Listed Building Consent
The requirement applies to all types of works and to all parts of those buildings covered by the listing protection (possibly including attached and curtilage buildings or other structures), provided the works affect the character of the building as a building of special interest.
It is a criminal offence not to seek consent when it is required (1). Not knowing a building is listed is not a defence to any criminal proceedings. This makes it very important that any doubt is investigated and discussed with the local planning authority.
It is also not a defence to show that consent would or should have been given if it had been applied for. A defence is available if the works were urgently necessary in the interests of health and safety (1).
An application for listed building consent is made to, and determined by, the local planning authority. Where the works have an impact on the external appearance of the building, planning permission may also be required and if so should be applied for at the same time. The local planning authority must consult Historic England and the National Amenity Societies on certain listed building consent applications (2).
Local planning authorities can be consulted on the need for listed building consent. Given the difficult nature of deciding whether the special interest might be affected and the fact that it is a criminal offence to fail to apply for consent when required, it is vital they are consulted in cases of any doubt.
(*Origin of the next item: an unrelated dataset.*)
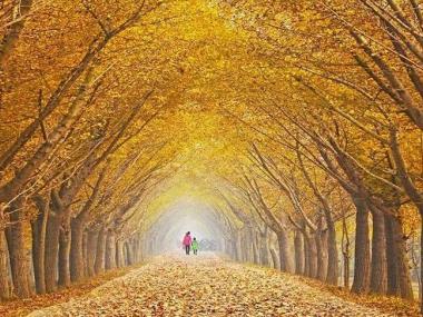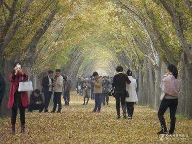 银杏时光隧道长约3公里,道路两侧的银杏枝繁叶茂,树冠相交像一条隧道,每到秋季,隧道一片绚烂金黄,地上铺满落叶,摄影爱...
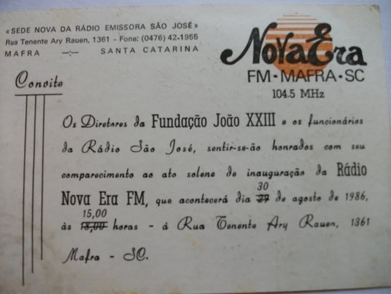 Nesta segunda-feira (30) a rádio Nova Era FM comemora 35 anos de atividades. Fundada em 1986 na cidade de Mafra, a emissora vem constantemente se modernizando. Os trabalhos foram iniciados com um transmissor de 250 watts, abrangendo somente parte da cidade. Em 30 de agosto de 1990 a potência do transmissor foi aumentada para 1.000 watts. Esta potência foi aumentada novamente em 1994, quando a rádio passou a operar com 10.000 watts. No último ano houve a conquista de mais um aumento de potência, passando para 15.000 watts. Desta forma, a Nova Era FM tornou-se a rádio com maior potência no planalto norte de Santa Catarina, com uma abrangência que chega a aproximadamente 25 cidades do estado, bem como parte do Paraná. Além disso, a rádio utiliza a internet e aplicativos para celulares para que pessoas do mundo a sintonizem de qualquer lugar.

It is a common misunderstanding that the special interest of a listed building lies only in its features, such as fireplaces and plasterwork. The interest is in its history and architecture. The general form and layout of the building may be as important in this regard as any eye-catching "period feature". Principles of Selection (3) gives a good sense of what makes buildings of a particular type or period important, as do Historic England's selection guides (4). The list entry for each building may also give assistance (5) but it is not an exhaustive description and older entries can offer little detail.
Whether buildings within the vicinity of the listed building are protected by being within the curtilage of the principal building and whether objects or structures attached to the principal building are protected is also a difficult judgement. Again, if there is any doubt the local planning authority should be consulted.
In summary, the principles are:
- If an object is fixed to the principal building in such a way that it would be considered a fixture in the usual land-law sense (i.e. would be conveyed with the property on sale unless expressly excluded), it would be protected by the listing.
- Any structure fixed to the building (however large, including whole other buildings) will be protected if it was ancillary to the principal building at the date of listing (or possibly at 1 January 1969 for list entries that pre-date).
- Any pre-1948 building that was in the curtilage of the principal building at the date of listing (or possibly at 1 January 1969 for list entries that pre-date) is protected provided it is fixed to the land and is ancillary to the principal building.
- The curtilage of a building has to be determined on a case-by-case basis, but is essentially the area of land that is ancillary to the main building. Relevant factors in determining that area will be: the physical layout; past and present ownership; and, current and previous uses of the land and buildings. A domestic garden is usually going to be easily identified as curtilage. Buildings in farm, commercial or institutional use provide more difficult examples.
- Some buildings will have no curtilage.
- After 26th June 2013 some new and amended list entries may expressly exclude curtilage or attached structures and objects from protection or may declare certain features to be not of specific interest.